TASK INSTRUCTIONS: Output, word for word and without pictures, the lines from the one containing "L'apertura del Giardino" through the final line of the listing below.

DATA:
▽

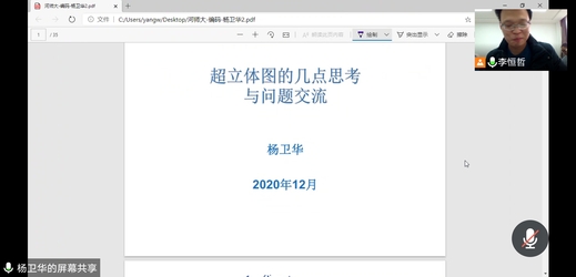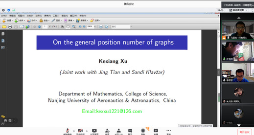 许克祥老师作了题为“On the general position number of graphs”的学术报告。详细介绍了一般位置集的定义,由此引出了一般位置数的概念。依次介绍了一些特殊图的一般位置数,例如仙人掌图,冠图,分离图等。其次分别刻画了树与一般图、圈与一般图和两棵树的卡氏积的一般位置数,并对于两棵树的卡氏积的一般位置数的证明过程作了详细的讲解。最后许克祥老师综述了相关理论研究进展,并列出了一些未解决的问题。
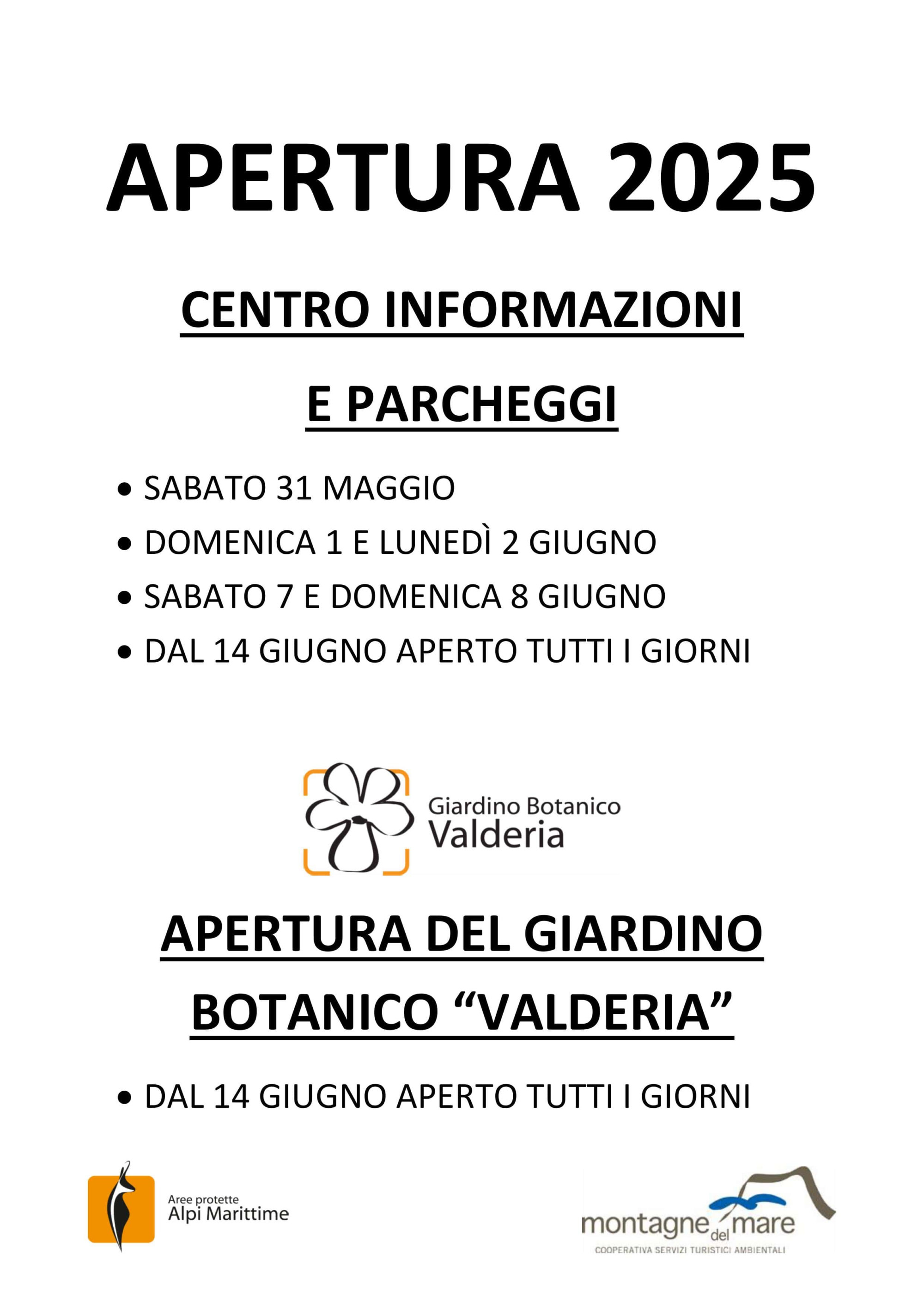 L'apertura del Giardino Botanico "Valderia" è prevista dal 14 Giugno tutti i giorni.
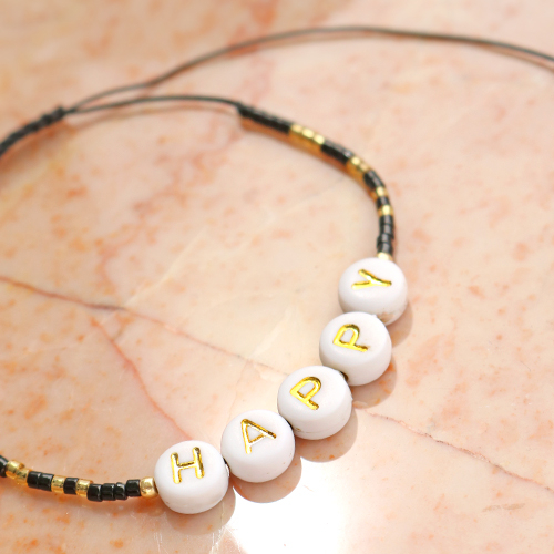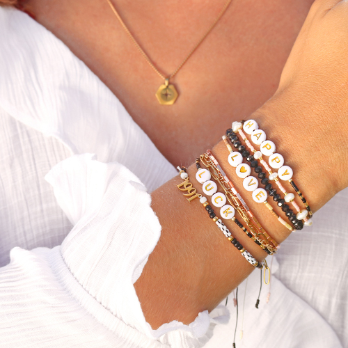 Are you completely in love with those cute minimalist bracelets with beads? Shop the latest trendy Miyuki bracelets with letter beads now. These bracelets are made of macramé bead cord, Miyuki beads and letter beads. Each bracelet has a sliding macramé button. This allows you to adjust the size of the bracelets. The bracelets each have their own text with letter beads and they are available in two different colours. Tip: they are also very nice to combine with other bracelets or to present/gift them on a jewellery card.
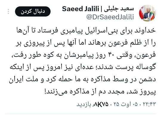 «خداوند برای قوم بنیاسراییل پیامبری فرستاد تا آنها را از ظلم فرعون برهاند اما آنها پس از پیروزی بر فرعون وقتی 40 روز پیامبرشان به کوه طور رفت گوسالهپرست شدند. عدهای نیز امروز پس از این که دشمن در وسط مذاکره به ما حمله کرد و ملت ایران پیروز شد مجدد [ مجدداً ] دم از مذاکره میزنند!»

△

SOLUTION TO THIS EXERCISE:
 L'apertura del Giardino Botanico "Valderia" è prevista dal 14 Giugno tutti i giorni.
 Are you completely in love with those cute minimalist bracelets with beads? Shop the latest trendy Miyuki bracelets with letter beads now. These bracelets are made of macramé bead cord, Miyuki beads and letter beads. Each bracelet has a sliding macramé button. This allows you to adjust the size of the bracelets. The bracelets each have their own text with letter beads and they are available in two different colours. Tip: they are also very nice to combine with other bracelets or to present/gift them on a jewellery card.
 «خداوند برای قوم بنیاسراییل پیامبری فرستاد تا آنها را از ظلم فرعون برهاند اما آنها پس از پیروزی بر فرعون وقتی 40 روز پیامبرشان به کوه طور رفت گوسالهپرست شدند. عدهای نیز امروز پس از این که دشمن در وسط مذاکره به ما حمله کرد و ملت ایران پیروز شد مجدد [ مجدداً ] دم از مذاکره میزنند!»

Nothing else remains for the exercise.